Studio album by The Contours
- Released: October 1962
- Recorded: 1961–1962
- Genre: Soul, doo-wop, rock & roll
- Label: Gordy
- Producer: Berry Gordy, Jr.

The Contours chronology
|  | Do You Love Me (Now That I Can Dance) (1962) | A New Direction (2000) |

= Do You Love Me (Now That I Can Dance) =

Do You Love Me (Now That I Can Dance) is the only album issued by The Contours during their recording career at Motown Records. Issued on Motown's Gordy subsidiary in October 1962, the album includes the hit title track and the number 21 R&B hit single "Shake Sherry". Also including the early singles "Whole Lotta Woman" and "The Stretch", Do You Love Me is the first LP to be released by Gordy Records.
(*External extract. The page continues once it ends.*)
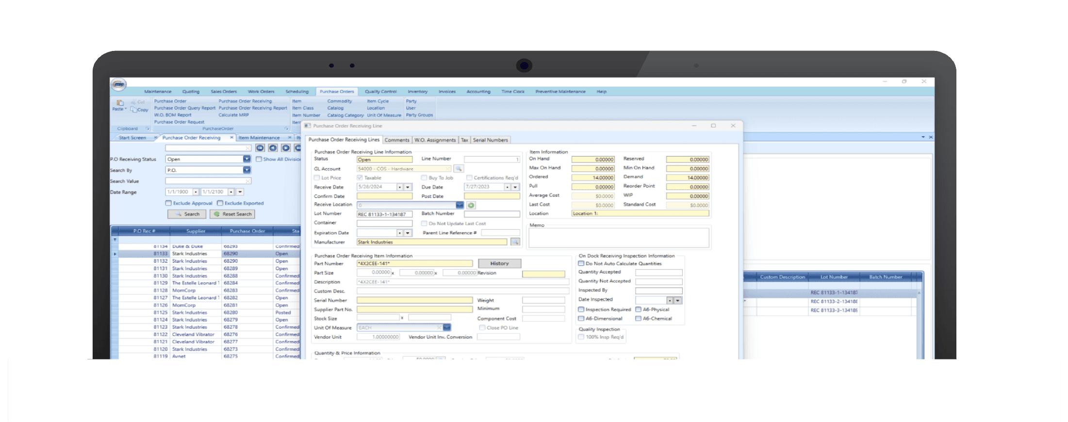 Make purchasing easy and efficient with MIE Trak Pro’s Purchasing module. Order material based on MRP forecasting, min/max reorder points, production demand, and more.

The title song was performed in the movies Dirty Dancing, Getting Even With Dad, Teen Wolf Too (by Ragtime), and Beethoven's 2nd. It was performed by Bootsy Collins and the Funk Brothers in the movie Standing in the Shadows of Motown. In 2016 it was used in a Pepsi-Cola commercial featuring Janelle Monáe, and in 2020 in a Boston Dynamics commercial featuring dancing robots.
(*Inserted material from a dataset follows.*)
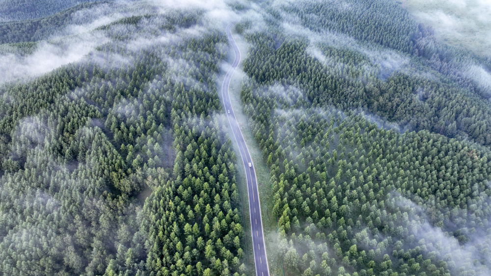 2024年7月26日拍攝的塞罕壩國家級(jí)自然保護(hù)區(qū)景色(無人機(jī)照片)。夏日清晨,位于河北省承德市的塞罕壩國家級(jí)自然保護(hù)區(qū)滿目青翠,浩瀚林海壯美如畫。新華社發(fā)(王立群 攝)

Barni Wright was credited for the cover design.

Professional ratings
Review scores
| Source | Rating |
| Allmusic |  |

==Track listing==
All tracks composed by Berry Gordy; except where indicated

===Side A===
1. "Do You Love Me"
2. "Shake Sherry"
3. "You Better Get in Line"
4. "The Stretch" (Loucye Gordy Wakefield, William "Mickey" Stevenson)
5. "It Must Be Love" (Joe Billingslea, Sylvester Potts)
6. "Whole Lotta Woman" (Smokey Robinson, Billy Gordon, Billy Hoggs)

===Side B===
1. "Claudia" (Clarence Paul, Ivy Jo Hunter, William "Mickey" Stevenson)
2. "So Grateful"
3. "The Old Miner" (William "Mickey" Stevenson)
4. "Funny" (William "Mickey" Stevenson, Billy Gordon, Sylvester Potts)
5. "Move Mr. Man" (Berry Gordy, Jr., Rebecca Nichols)

==1988 CD track listing==

1. "Do You Love Me" 6:37
2. "Just a Little Misunderstanding" 2:43
3. "Shake Sherrie" 2:51
4. "Can You Do It?" 2:19
5. "Don't Let Her Be Your Baby" 2:50
6. "First I Look at the Purse" 3:00
7. "Whole Lotta Woman" 2:37
8. "Can You Jerk Like Me?" 2:30
9. "It's So Hard Being a Loser" 2:39
10. "You Get Ugly" 2:22

The song "Do You Love Me" on the CD/tape (not LP) reissues is not the 1962 hit single version (2:54). It is some kind of extended disco remix (6:37). Also, besides the songs "Shake Sherrie" and "Whole Lotta Woman", the other songs are different from the 1962 LP release and consist of later hits, etc.